根据pos与定位到的mappedFile,取出相应的数据存入byteBuffer,并将数据封装在SelectMappedBufferResult中返回。

然后调用了checkMessageAndReturnSize,解析读出的数据封装成DispatchRequest并返回。如果成功,且消息的大小大于0,那么调用doDispatch方法分发消息至consumequeue,index文件。

    public void doDispatch(DispatchRequest req) {
        for (CommitLogDispatcher dispatcher : this.dispatcherList) {
            dispatcher.dispatch(req);
        }
    }
可以看到遍历dispatchList元素分别调用对应的dispatch方法,在DefaultMessageStore的构造中可以看到dispatchList。
        this.dispatcherList = new LinkedList<>();
        this.dispatcherList.addLast(new CommitLogDispatcherBuildConsumeQueue());
        this.dispatcherList.addLast(new CommitLogDispatcherBuildIndex());
其中consumequeue,index分别对应CommitLogDispatcherBuildConsumeQueue与CommitlogDispatcherBuildIndex。

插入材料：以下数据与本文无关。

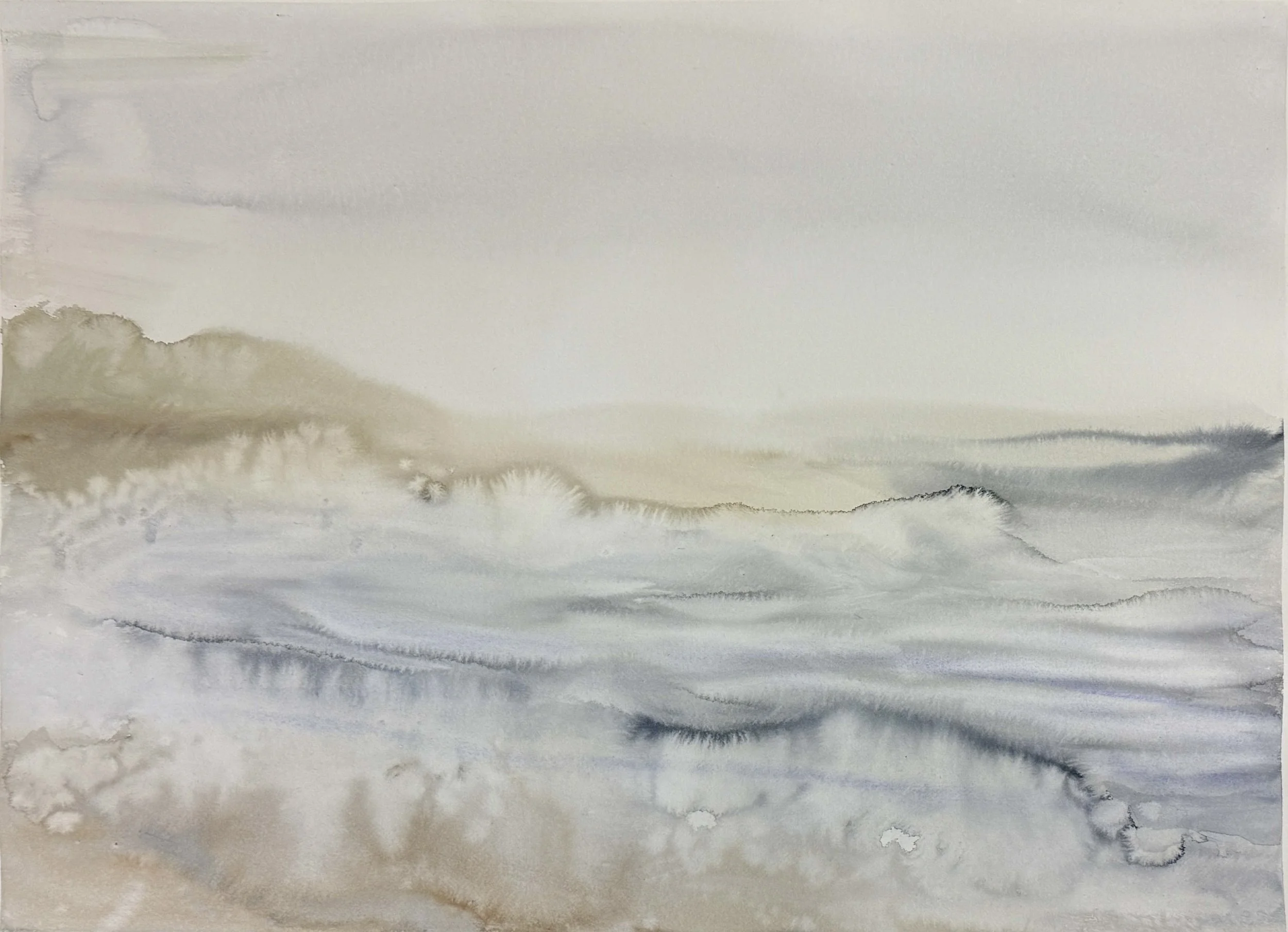 "The beauty in simplicity and abstraction. Uncomplicated shapes with muted colors provide an elegance to nature that I feel is sometimes overlooked. Most of my paintings are not of one specific place but are an organic representation of the combination of time and nature. The soft and somewhat uncontrollable qualities of wet-on-wet watercolor painting allows me to achieve this feel, which I hope will inspire viewers to consider the beautiful fragility in the natural world around them.”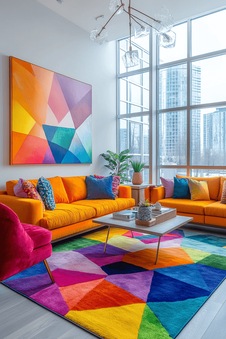 Art-inspired designs bring colorful living room ideas to life through bold prints and expressive decor. Graphic elements become instant focal points. Bright furnishings tie everything together seamlessly. The space feels playful yet cohesive. Creativity shines in every corner. Turn your living room into an artistic statement.
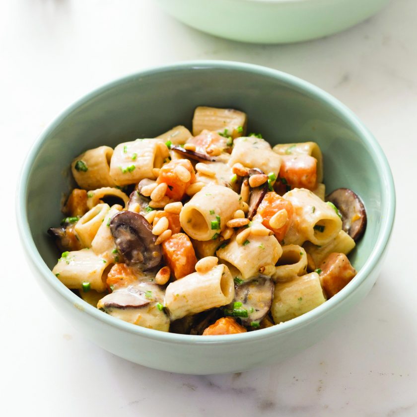 CREAMY RIGATONI WITH MUSHROOMS, BUTTERNUT SQUASH AND PINE NUTS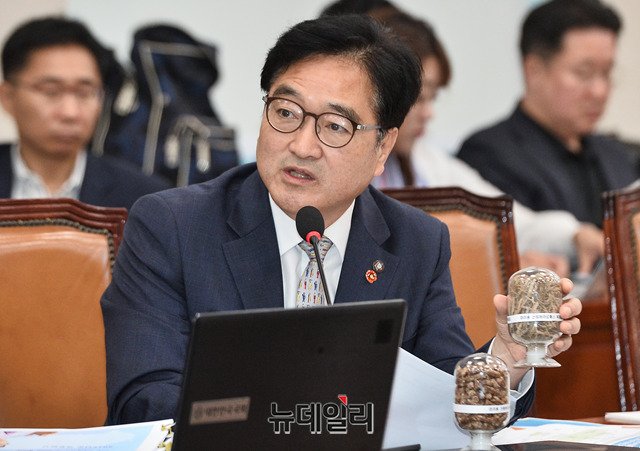 우원식 더불어민주당 의원이 15일 오전 국회에서 열린 국회 산업통상자원중소벤처기업위원회의 국정감사에 참석해 질의하고 있다.

我们先从CommitLogDispatcherBuildConsumeQueue开始分析。
    class CommitLogDispatcherBuildConsumeQueue implements CommitLogDispatcher {

        @Override
        public void dispatch(DispatchRequest request) {
            final int tranType = MessageSysFlag.getTransactionValue(request.getSysFlag());
            switch (tranType) {
                case MessageSysFlag.TRANSACTION_NOT_TYPE:
                case MessageSysFlag.TRANSACTION_COMMIT_TYPE:
                    DefaultMessageStore.this.putMessagePositionInfo(request);
                    break;
                case MessageSysFlag.TRANSACTION_PREPARED_TYPE:
                case MessageSysFlag.TRANSACTION_ROLLBACK_TYPE:
                    break;
            }
        }
    }
核心的方法putMessagePositionInfo
    public void putMessagePositionInfo(DispatchRequest dispatchRequest) {
        ConsumeQueue cq = this.findConsumeQueue(dispatchRequest.getTopic(), dispatchRequest.getQueueId());
        cq.putMessagePositionInfoWrapper(dispatchRequest);
    }
通过消息得到topic跟消息队列的id从本broker的consumeQueueTable的对应的topic下的consumeQueueMap中通过消息队列的id获取对应的Logic消息队列(并非真正消息队列,仅存储定长消息索引的抽象类)。再调用对应ConsumerQueue的putMessagePositionInfoWrapper()方法,将具体的dispatchRequest引入。
    public void putMessagePositionInfoWrapper(DispatchRequest request) {
        final int maxRetries = 30;
        boolean canWrite = this.defaultMessageStore.getRunningFlags().isCQWriteable();
        for (int i = 0; i < maxRetries && canWrite; i++) {
            long tagsCode = request.getTagsCode();
            if (isExtWriteEnable()) {
                ConsumeQueueExt.CqExtUnit cqExtUnit = new ConsumeQueueExt.CqExtUnit();
                cqExtUnit.setFilterBitMap(request.getBitMap());
                cqExtUnit.setMsgStoreTime(request.getStoreTimestamp());
                cqExtUnit.setTagsCode(request.getTagsCode());

                long extAddr = this.consumeQueueExt.put(cqExtUnit);
                if (isExtAddr(extAddr)) {
                    tagsCode = extAddr;
                } else {
                    log.warn("Save consume queue extend fail, So just save tagsCode! {}, topic:{}, queueId:{}, offset:{}", cqExtUnit,
                        topic, queueId, request.getCommitLogOffset());
                }
            }
            boolean result = this.putMessagePositionInfo(request.getCommitLogOffset(),
                request.getMsgSize(), tagsCode, request.getConsumeQueueOffset());
            if (result) {
                this.defaultMessageStore.getStoreCheckpoint().setLogicsMsgTimestamp(request.getStoreTimestamp());
                return;
            } else {
                // XXX: warn and notify me
                log.warn("[BUG]put commit log position info to " + topic + ":" + queueId + " " + request.getCommitLogOffset()
                    + " failed, retry " + i + " times");

                try {
                    Thread.sleep(1000);
                } catch (InterruptedException e) {
                    log.warn("", e);
                }
            }
        }

        // XXX: warn and notify me
        log.error("[BUG]consume queue can not write, {} {}", this.topic, this.queueId);
        this.defaultMessageStore.getRunningFlags().makeLogicsQueueError();
    }

先判断ConsumerQueue是否可写,如果配置了消息队列的额外信息的可写,那么构造ConsumeQueueExt的内部类存储单元的CqExtUnit的实例,保存消息的bitMap、storeTime、TagsCode等信息,并加入到ConsumeQueueExt中管理。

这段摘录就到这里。